Several genes involved in the immune system, and particularly microglia, have been identified as risk factors for the most common form of neurodegenerative disease, Alzheimer's (103–105). The APOE gene, encoding apolipoprotein (Apo)E (106) is mainly expressed in the brain by microglia and astrocytes and is component of Aβ plaques and promotes Aβ aggregation and deposition (107). The three major human isoforms, apoE2, apoE3, and apoE4, are encoded by different alleles and differ in their effects on AD risk and pathology, with one APOE-ε4 allele increasing AD risk 3-fold and two APOE-ε4 alleles increasing AD risk by 12-fold (108). In addition, APOE-ε4 is also implicated in Dementia with Lewy bodies and Frontotemporal dementia (97). Another molecule implicated in AD is the triggering receptor expressed on myeloid cells 2 (Trem2) and is highly expressed in microglia in the brain and important for microglial, phagocytosis, proliferation and environment sensing (109). Single-nucleotide polymorphism (SNP) mutations in Trem2 drastically increase the AD risk (110), estimated to be with a 3.0- to 4.5-fold (96). Moreover, homozygous Trem2 variants have been proposed to be causal for Frontotemporal Dementia (FTD) or linked to increased FTD risk (111). A recent genome-wide meta-analysis identified new loci and functional pathways influencing Alzheimer's disease risk that localized to immune-related tissues and cell types (microglia), highlighting the role of the immune system and its principle brain-resident cell in neurodegenerative disease (92). In sum, the immune system and its dysfunction are now strongly implicated in neurodegenerative disease, for which mild TBI (particularly repeated mild TBI) is proposed as a risk factor.

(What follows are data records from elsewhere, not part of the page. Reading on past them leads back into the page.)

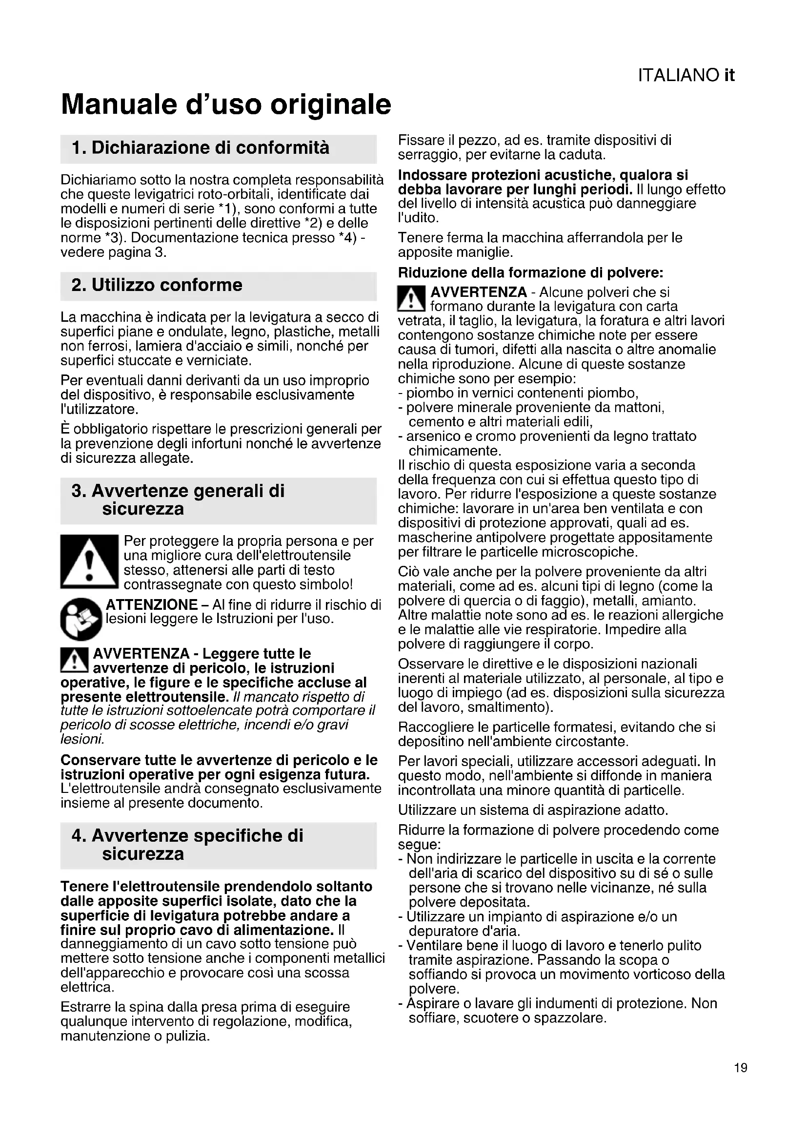 Manuale d’uso originale Dichiariamo sotto la nostra completa responsabilità che queste levigatrici roto-orbitali, identificate dai modelli e numeri di serie *1), sono conformi a tutte le disposizioni pertinenti delle direttive *2) e delle norme *3). Documentazione tecnica presso *4) - vedere pagina 3. La macchina è indicata per la levigatura a secco di superfici piane e ondulate, legno, plastiche, metalli non ferrosi, lamiera d'acciaio e simili, nonché per superfici stuccate e verniciate. Per eventuali danni derivanti da un uso improprio del dispositivo, è responsabile esclusivamente l'utilizzatore. È obbligatorio rispettare le prescrizioni generali per la prevenzione degli infortuni nonché le avvertenze di sicurezza allegate. Per proteggere la propria persona e per una migliore cura dell'elettroutensile stesso, attenersi alle parti di testo contrassegnate con questo simbolo! ATTENZIONE – Al fine di ridurre il rischio di lesioni leggere le Istruzioni per l'uso. AVVERTENZA - Leggere tutte le avvertenze di pericolo, le istruzioni operative, le figure e le specifiche accluse al presente elettroutensile. Il mancato rispetto di tutte le istruzioni sottoelencate potrà comportare il pericolo di scosse elettriche, incendi e/o gravi lesioni. Conservare tutte le avvertenze di pericolo e le istruzioni operative per ogni esigenza futura. L'elettroutensile andrà consegnato esclusivamente insieme al presente documento. Tenere l'elettroutensile prendendolo soltanto dalle apposite superfici isolate, dato che la superficie di levigatura potrebbe andare a finire sul proprio cavo di alimentazione. Il danneggiamento di un cavo sotto tensione può mettere sotto tensione anche i componenti metallici dell'apparecchio e provocare così una scossa elettrica. Estrarre la spina dalla presa prima di eseguire qualunque intervento di regolazione, modifica, manutenzione o pulizia. Fissare il pezzo, ad es. tramite dispositivi di serraggio, per evitarne la caduta. Indossare protezioni acustiche, qualora si debba lavorare per lunghi periodi. Il lungo effetto del livello di intensità acustica può danneggiare l'udito. Tenere ferma la macchina afferrandola per le apposite maniglie. Riduzione della formazione di polvere: AVVERTENZA - Alcune polveri che si formano durante la levigatura con carta vetrata, il taglio, la levigatura, la foratura e altri lavori contengono sostanze chimiche note per essere causa di tumori, difetti alla nascita o altre anomalie nella riproduzione. Alcune di queste sostanze chimiche sono per esempio: - piombo in vernici contenenti piombo, - polvere minerale proveniente da mattoni, cemento e altri materiali edili, - arsenico e cromo provenienti da legno trattato chimicamente. Il rischio di questa esposizione varia a seconda della frequenza con cui si effettua questo tipo di lavoro. Per ridurre l'esposizione a queste sostanze chimiche: lavorare in un'area ben ventilata e con dispositivi di protezione approvati, quali ad es. mascherine antipolvere progettate appositamente per filtrare le particelle microscopiche. Ciò vale anche per la polvere proveniente da altri materiali, come ad es. alcuni tipi di legno (come la polvere di quercia o di faggio), metalli, amianto. Altre malattie note sono ad es. le reazioni allergiche e le malattie alle vie respiratorie. Impedire alla polvere di raggiungere il corpo. Osservare le direttive e le disposizioni nazionali inerenti al materiale utilizzato, al personale, al tipo e luogo di impiego (ad es. disposizioni sulla sicurezza del lavoro, smaltimento). Raccogliere le particelle formatesi, evitando che si depositino nell'ambiente circostante. Per lavori speciali, utilizzare accessori adeguati. In questo modo, nell'ambiente si diffonde in maniera incontrollata una minore quantità di particelle. Utilizzare un sistema di aspirazione adatto. Ridurre la formazione di polvere procedendo come segue: - Non indirizzare le particelle in uscita e la corrente dell'aria di scarico del dispositivo su di sé o sulle persone che si trovano nelle vicinanze, né sulla polvere depositata. - Utilizzare un impianto di aspirazione e/o un depuratore d'aria. - Ventilare bene il luogo di lavoro e tenerlo pulito tramite aspirazione. Passando la scopa o soffiando si provoca un movimento vorticoso della polvere. - Aspirare o lavare gli indumenti di protezione. Non soffiare, scuotere o spazzolare.
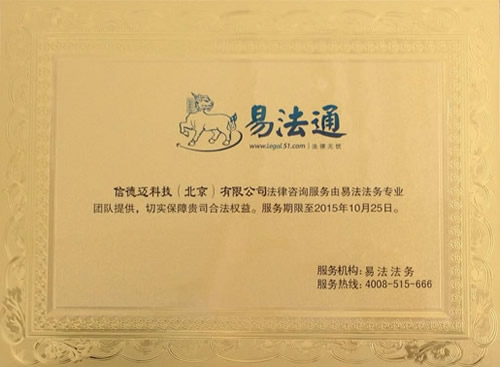 信德邁科技(北京)有限公司正處于企業成長階段,也是各種法律風險積累階段,如果不及時評估和規避這些風險或對法律風險采取有效的應對措施,將極大的制約企業走向規模化。因而,我們公司的法律顧問咨詢服務簽約易法法務專業團隊,提供有效的法律服務。
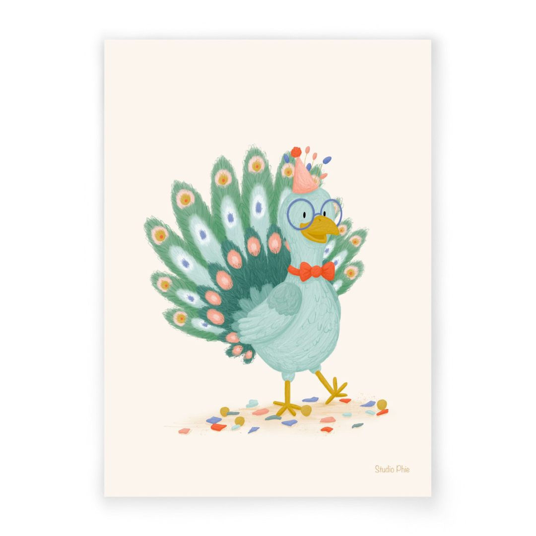 Breng kleur en flair in iemands dag met dit vrolijke Feestpauw kaartje van Studio Phie! Een persoonlijke kaart ontvangen blijft bijzonder, en met dit feestelijke ontwerp wordt het een echte eyecatcher. De elegante pauw met feesthoedje zorgt gegarandeerd voor een glimlach en maakt elke gelegenheid net dat beetje extra speciaal. Of het nu gaat om een verjaardag, een felicitatie of zomaar een verrassing, dit kaartje laat zien dat je aan iemand denkt
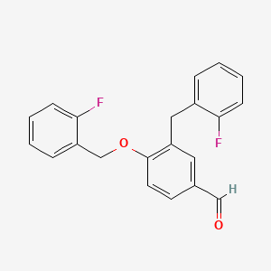 3-(2-Fluorobenzyl)-4-(2-fluorobenzyloxy)benzaldehyde is an organic compound characterized by its unique structure, featuring a benzaldehyde core with two fluorobenzyl substituents. This compound has garnered attention in the field of medicinal chemistry due to its potential biological activities, particularly in drug development and synthesis of complex organic molecules.

We will now summarize how mild TBI may activate the brain's immune system, potentially linking it to long-term neurodegeneration.

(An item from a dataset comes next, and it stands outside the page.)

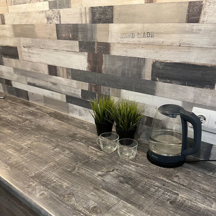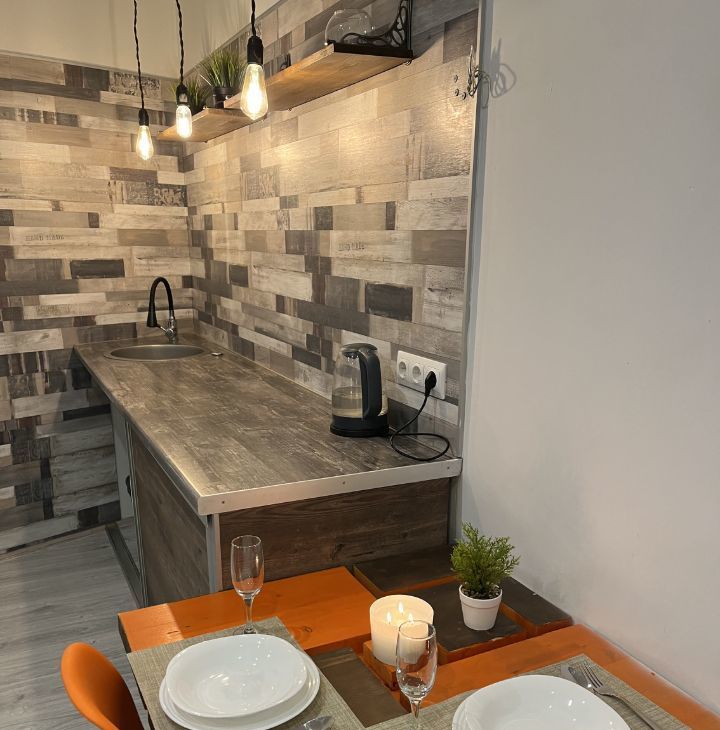 Полностью оборудованная кухня: плита, холодильник, микроволновка
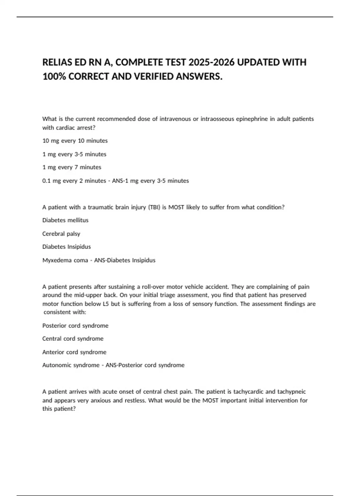 RELIAS ED RN A, COMPLETE TEST UPDATED WITH 100% CORRECT AND VERIFIED ANSWERS.

The Immune Response to Mild TBI
To reiterate the focus of this article, we will review the known immune response to injuries that are defined as mild TBI or concussion and their relevant animal models. This would therefore exclude brain injuries with intracerebral, subdural, epidural hematoma, cerebral or hemorrhagic contusion, penetrating TBI (dura penetrated), subarachnoid hemorrhage or brainstem injury (2) (Figure 1). This definition describes a population of patients that have potential pathology too subtle for standard imaging, but represents up to >80% of those that suffer a TBI (3). Animal models representing this “mild” situation are less common as researchers investigating brain injury are in search robust, reliable, modifiable readouts to demonstrate mechanisms and new treatment options; such animal models often employ craniotomy and/or hemorrhage and contusion and would be considered moderate to severe TBI in the clinic. If the immune response to mild TBI is a factor in pathology, it is important to understand how this may be initiated in a brain without bleeding or overt lesion.

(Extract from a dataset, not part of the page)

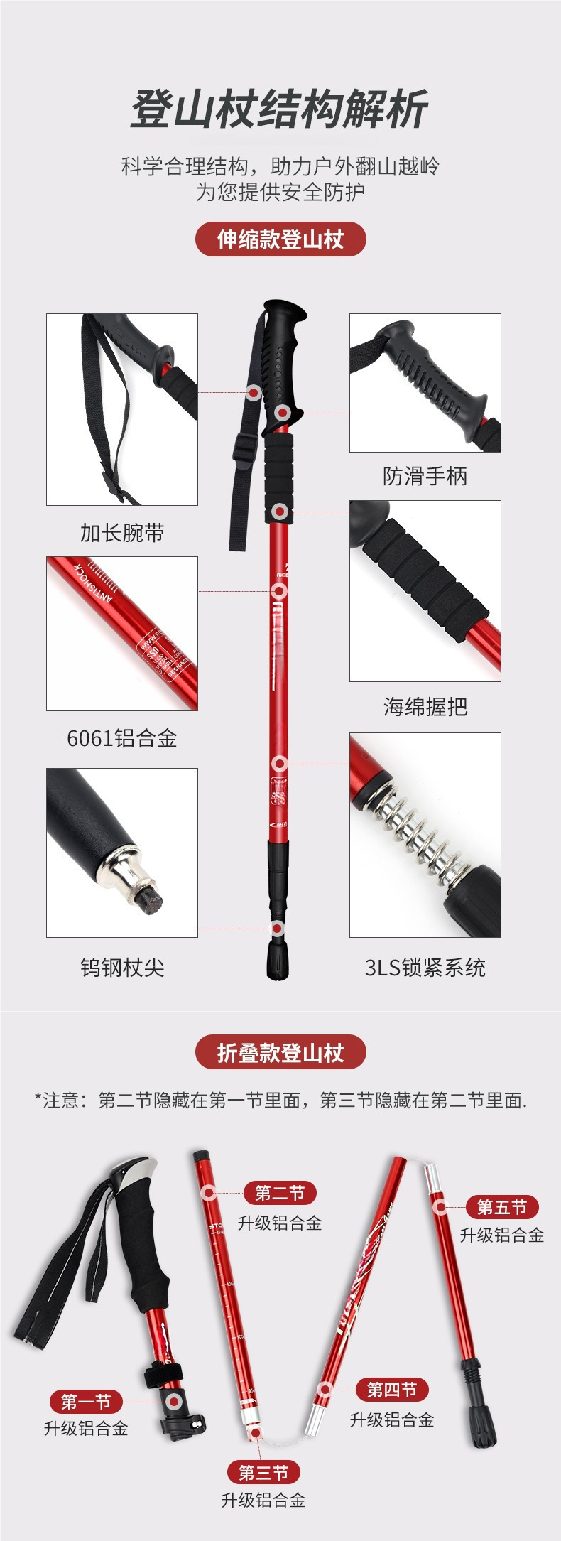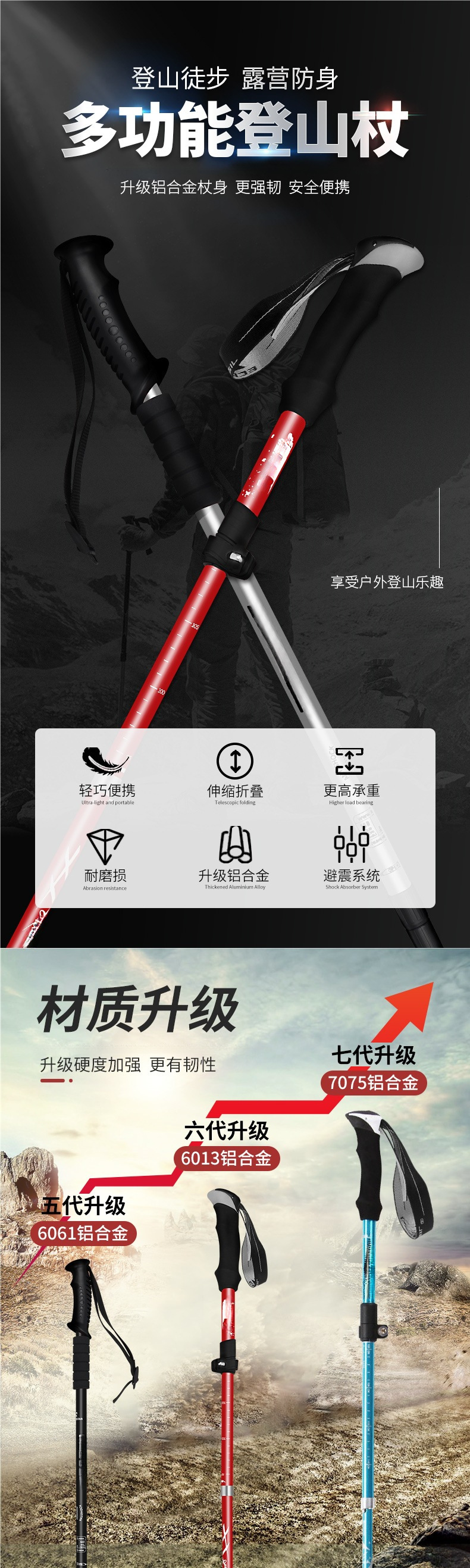 Guoyu 등반 스틱 접히는 개폐식 초경량 지팡이 남녀 안티 바디 야외 하이킹 장비 등반 유물스토어 가기

Triggers of the Immune Response in Mild TBI
The immune system is ubiquitous in the CNS and is equipped to respond to brain tissue injury after mild TBI. The injury produced after a closed-head impact is the result of physical movements of the brain within the skull, including acceleration and differential inertial loading (10, 11). Physical forces are thought to lead to axonal injury due to excessive regional stretching of axons (112) (Figure 2A). Using head kinematics from athletic events, modeling showed that the brain can be described as a hyperviscoelastic medium and deformation is most sensitive to specific frequency oscillations, particularly in deep brain regions, and is aligned with areas of pathology after mild TBI (10).
Figure 2. Potential triggers of the immune response in mild TBI. (A) Physical forces lead to stretching of axons, axonal injury and glial activation. (i) Schematic representing a neuron with its myelinated axon surrounded by glia in the healthy brain. (ii) Represents the stretching of axons due to physical forces during mild TBI and the subsequent glial activation (iii) Key–indicates glial subtypes hypothesized to be activated after axonal stretching. (B) Diffuse blood-brain barrier (BBB) in the brain after concussion leads to extravasation of harmful molecules to the parenchyma. (i) Schematic shows a coronal section of a human brain with representations of diffuse BBB breakdown after mild TBI (brown areas). (ii) Enlarged image shows compromised cerebral blood vessel leaking molecules that may trigger inflammation and glial activation.
Stretching of axons is the leading hypothesis as to why white matter appears most sensitive to mild brain injury. However, from the view of the immune system, microglial cells are also sensitive to mechanical signals (113, 114). Viscoelastic testing of individual CNS cells showed that other glial cells, such as astrocytes and Müller glia are twice as soft as neurons and act as compliant structures surrounding the neuronal cells, and are described as “cushioning material” (115). This opens the possibility that glia, in general, are differentially susceptible to forces produced in the brain during mild TBI. Mechanical changes in glial cells may physically protect neurons from initial mechanical damage, but then subsequently become activated and produce factors that drive neuronal pathology (Figure 2A). Alternatively, glia may be bystanders, solely responding to neuronal injury when the force is big enough to affect neurons directly. In either scenario, an aberrant microglial response due to either genetic factors, such as APOE genotype or TREM2 mutations (see above), or environmental influences, such as inflammation due to infection, poor diet or obesity may contribute to concussive injury as a risk factor for neurodegenerative disease (26).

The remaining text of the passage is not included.